Opinion
6582
July 10, 1907.
Before HYDRICK, J., Sumter, November, 1906. Affirmed.
Action by T.M. Bradley against Northwestern R.R. Co., before Magistrate S.R. Williamson. From Circuit order affirming magistrate's judgment, defendant appeals.
Messrs. Lee Moise, for appellant, cite: No contract for through carriage proved: Code 1902, 1710; 24 Stat., 82; 72 S.C. 483; 7 Rich. L., 210. Where there is a general shipment of several articles, receipt of part is not presumption of receipt of whole: Hutch. On Car., secs. 102-3, 111-12.
Messrs. Jennings and Manning, contra. No argument furnished Reporter.

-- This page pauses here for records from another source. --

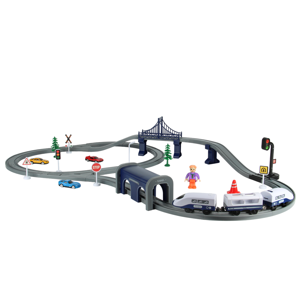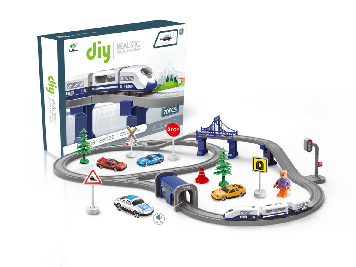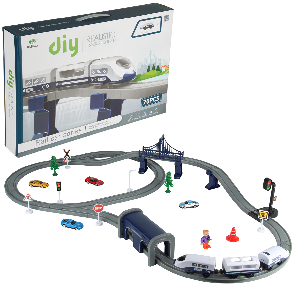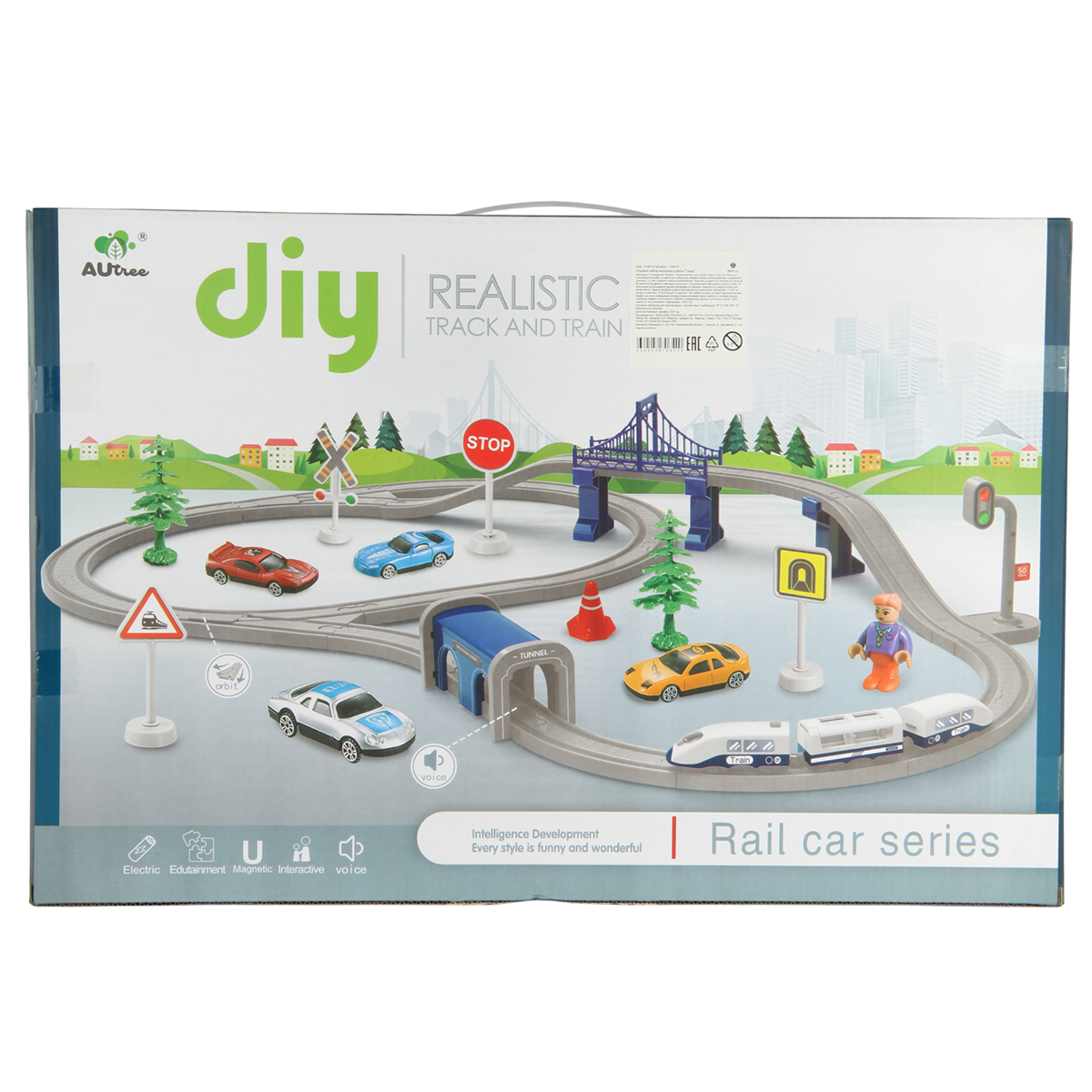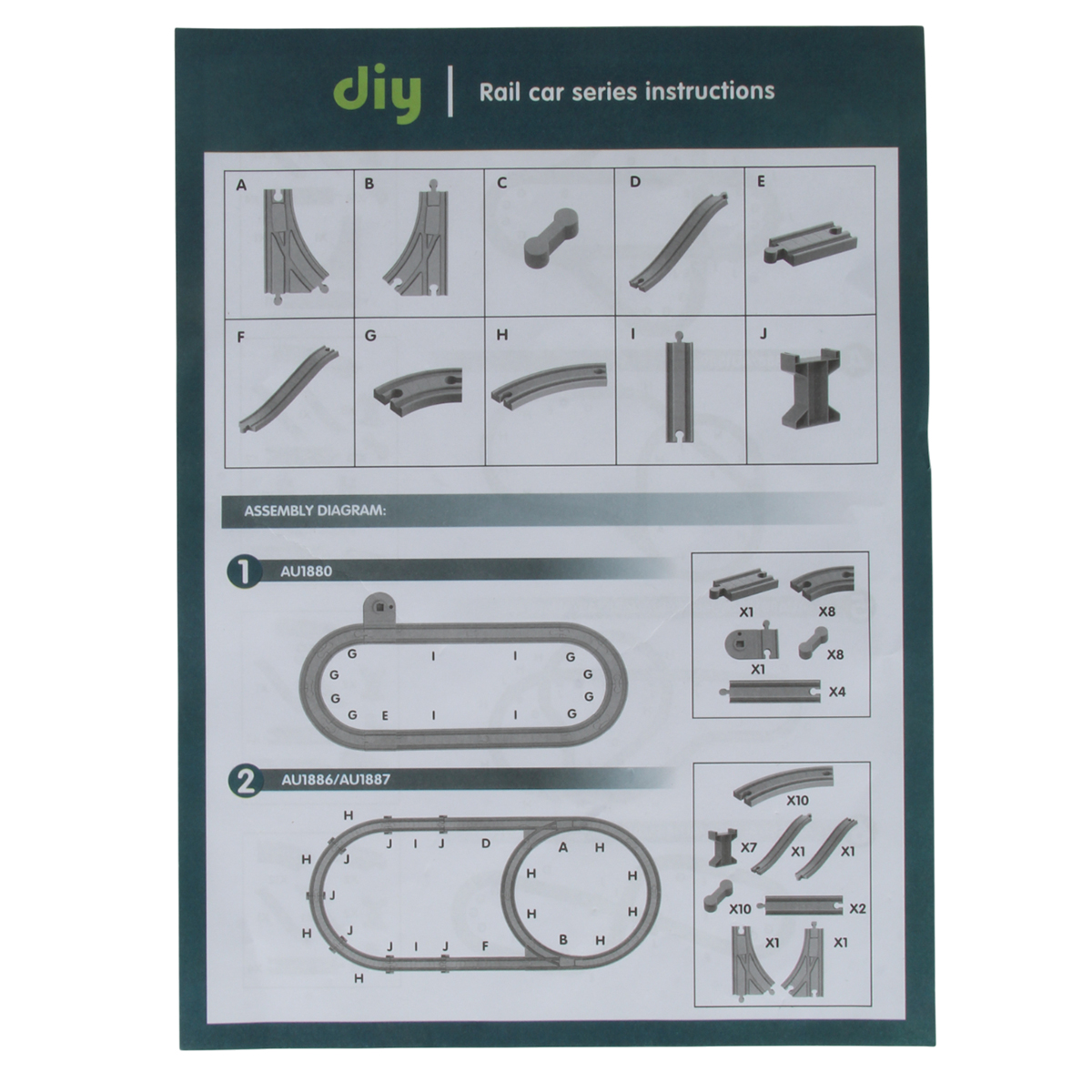 Детали для сборки железной дороги, 2 локомотива, 1 вагон, 4 машинки, пассажир, 2 дерева, конус, 6 дорожных знаков, набор наклеек, инструкция на английском языке.
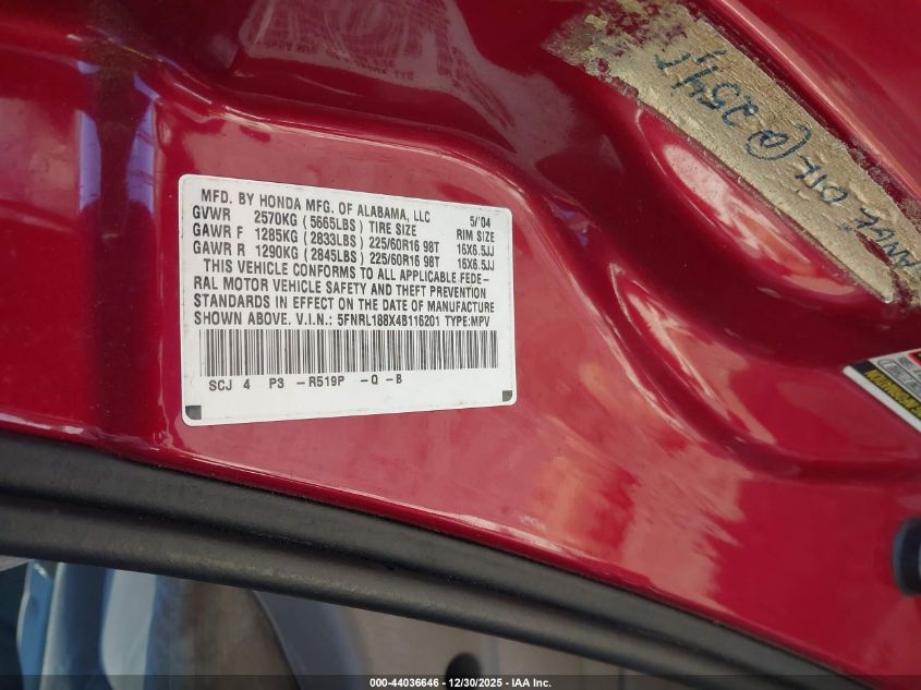 - Vin: 5FNRL188X4B116201
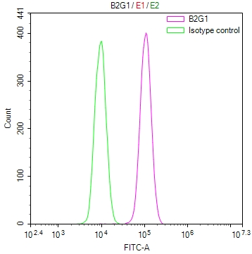 Overlay Peak curve showing HepG2 cells stained with CSB-RA001939MA1HU (red line) at 1:100. The cells were fixed in 4% formaldehyde and permeated by 0.2% TritonX-100 for 10min. Then 10% normal goat serum to block non-specific protein-protein interactions followed by the antibody (1ug/1*106cells) for 45min at 4℃. The secondary antibody used was Fluorescein (FITC) AffiniPure Goat Anti-Human IgG, Fcγ fragment specific at 1:200 dilution for 35min at 4℃.Control antibody (green line) was human IgG1 (1ug/1*106cells) used under the same conditions. Acquisition of >10,000 events was performed.
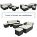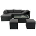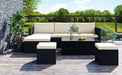 This outdoor sectional furniture is made of weather-resistant high-quality PE rattan, elegantly woven on a strong powder-coated rust-resistant steel frame, with a natural appearance.
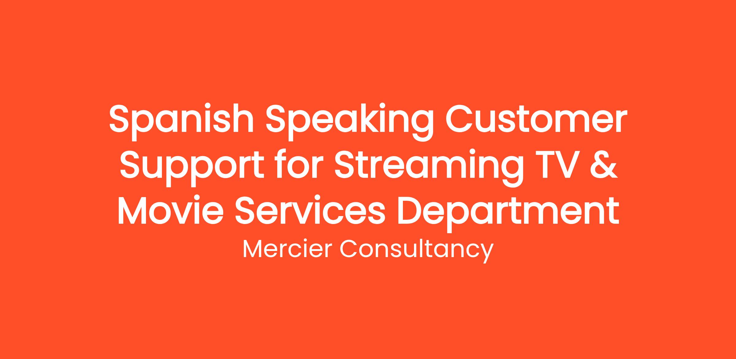 Mercier Consultancy is excited to offer a fantastic opportunity for a Spanish Speaking Customer Support Representative for our Client's Streaming TV & Movie Services Department! In this Junior role, you will be the key point of contact for our Spanish-speaking customers, providing comprehensive support and assistance related to their streaming services. Your communication skills will be essential in ensuring a seamless and enjoyable viewing experience for our clients.
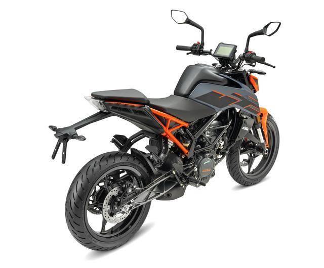 車體方面也沒有太大的變化,沿用了現有的鋼管車架、平直造型的鋁合金后搖臂(新一代車型采用左右不對稱造型的后搖臂),換裝了 WP 配套的新型號前后懸掛系統(tǒng),前面采用了叉芯口徑為 37 mm、標準行程為 138 mm(2023 款采用叉芯口徑為 43 mm、標準行程為 117 mm)的倒立式前叉,標準行程為 161 mm(2023 款為 150 mm)的單筒式后減震;前后碟式的制動系統(tǒng)、標配了雙通道的 ABS(部分國家/地區(qū),ABS 是選裝設備),數字式的儀表板等。與 2023 款相比,2026 款 200 Duke 在車身的主要變化是換上了新的車體圖案/貼花。
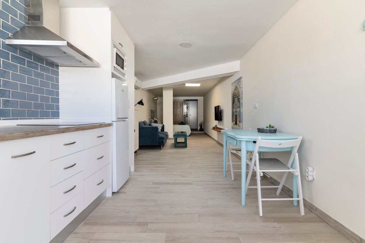 Vacker studio bredvid Almerias promenad 50 meter från stranden. Fullt utrustad, ny släppta möbler, perfekt för semester. Mycket ljust, i ett mycket lugnt område. Cafeterior, stormarknad och alla nödvändiga tjänster kan nås till fots. Hela lägenheten är nybyggd, nästan premiär. Tveka inte om du vill tillbringa några dagar med att koppla av i Almeria. Detta är din lägenhet.
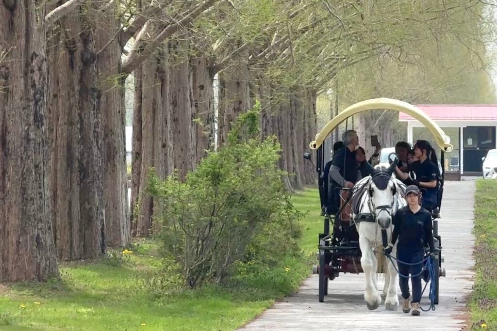 メタセコイア並木を馬とお散歩できる「メタセコイアと馬の森」
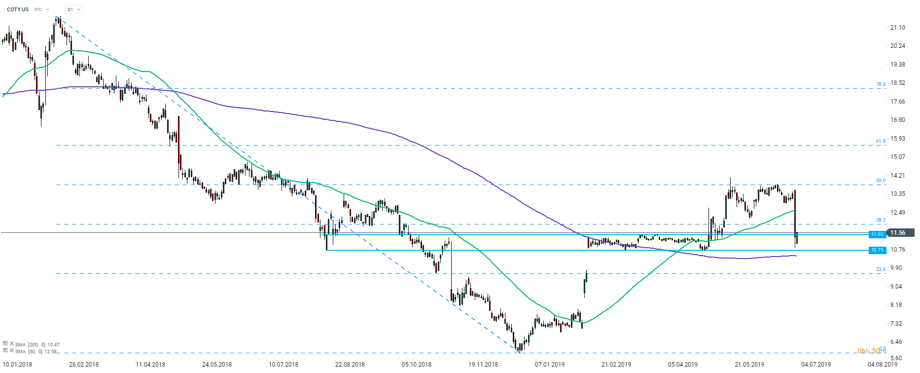Coty (COTY.US) more than doubled its valuation throughout the first half of 2019. However, recovery was halted at the 50% Fibo level of last year’s downward move. Nevertheless, even after yesterday’s drop the stock is trading 75% higher YTD. Share price is testing the nearest major resistance at press time - the upper limit of February-May trading range at $11.50. Source: xStation5
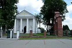- Wincenty Makomaski wybudował tu w latach 1827–1828 kościół Podwyższenia Krzyża Świętego, pełniący pierwotnie funkcję rodowej kaplicy grobowej. Po 1870 r. został zamieniony na cerkiew prawosławną, od 1919 r. znowu jest świątynią rzymskokatolicką. Zbudowany w stylu klasycystycznym, wyróżnia się fasadą z portykiem wspartym na czterech kolumnach toskańskich.
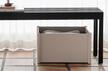 ピラー ストレージ ボックスは、Form & RefineのLeaf シェルフにぴったりと収まります。
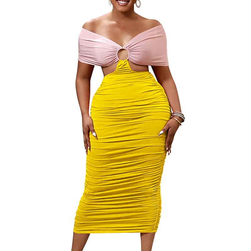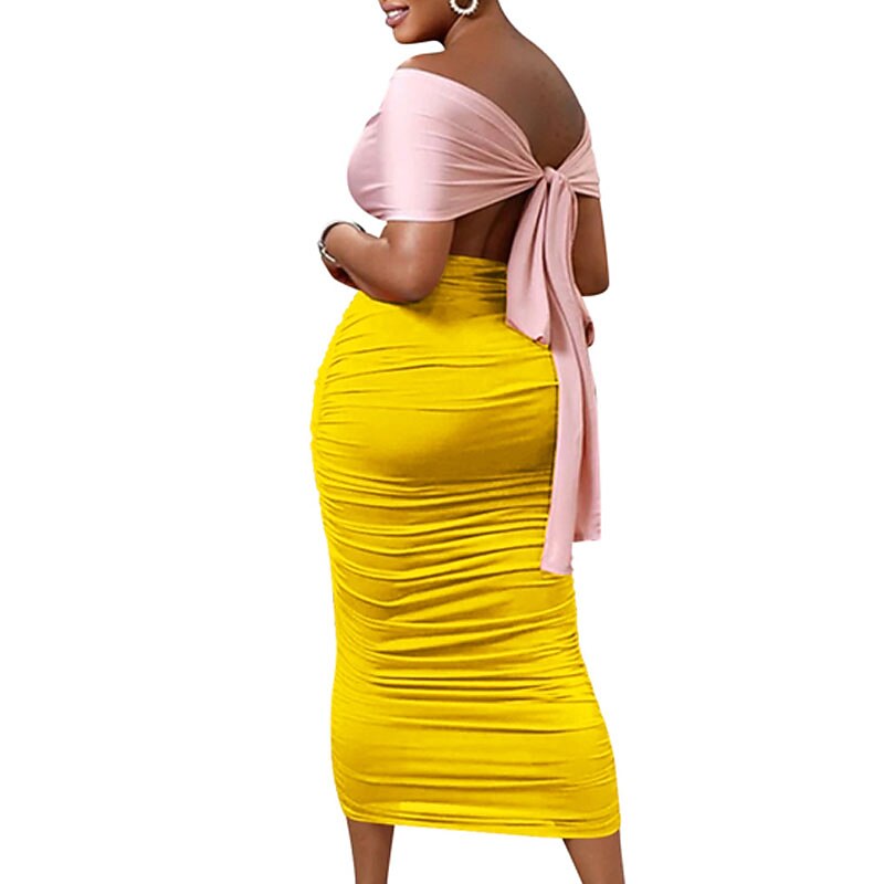 Women's Bodycon Midi Dress Yellow Fuchsia

July 10, 1907. The opinion of the Court was delivered by
This action was commenced before a magistrate to recover $3.00, the value of a box of snuff lost in transportation, and a penalty of $50 for defendant's failure to adjust and pay said claim.
The facts out of which the controversy arose were as follows:
The plaintiff purchased 14 boxes of snuff from a party in New Jersey, who delivered it to the Pennsylvania Railroad System to be transported to Borden, S.C. a station on defendants line of road, and received from said system the following bill of lading:
"Helmetta, N.J., Oct. 14, 1904.
By Pa. R.R. System. Consignee, T.M. Bradley, Borden, S.C. A.C.L. Via 14 1-2 Snuff 155."
Thirteen of said boxes were delivered to the plaintiff by the defendant, but the other box has not been delivered.
The magistrate rendered judgment for the amount claimed, whereupon the defendant appealed to the Circuit Court.
His Honor Judge Hydrick made the following order: "This case came up on appeal from the court of magistrate, upon several exceptions. After hearing Messrs. Lee Moise for the defendant-appellant and L.D. Jennings for plaintiff-respondent, and after careful consideration of the whole case, I find as a matter of fact, that the greater portion of the goods of which a portion was alleged to have been lost, was actually received by the defendant, and I hold as a matter of law that the presumption is, that all of said goods were received by the defendant, and that a portion having been received by the defendant company, as is shown by the evidence in the case, the burden was then on the defendant to remove such presumption, and I find as a matter of fact from the testimony, that the defendant did not remove such presumption, and the plaintiff having complied with the law in every respect, I find from the testimony that the defendant is liable, and that the judgment of the magistrate ought to be, and is, hereby sustained and the appeal dismissed.
"Under my view of this case, I do not deem it necessary to pass upon the questions of the constitutionality of sec. 1710, of Volume I, of the Code of Laws of South Carolina."
The defendant again appealed and the ruling of the Circuit Judge, as to the presumption arising from the delivery of a portion of the goods, is assigned as error.
There was only one bill of lading, and all the goods were delivered for transportation at one and the same time, thus constituting a single transaction.
Every reasonable intendment is in favor of the theory, that, for convenience, all parties contemplated the boxes would be kept together as a single shipment, until they reached their destination.
Therefore, it is a very natural presumption that the defendant received all, when it is shown that it came into possession of a portion of the boxes. The ruling of the Circuit Judge is fully sustained, by the recent case of Walker v. Railway, 76 S.C. 308.
These views render unnecessary the consideration of the exceptions raising certain constitutional questions.
It is the judgment of this Court that the judgment of the Circuit Court be affirmed.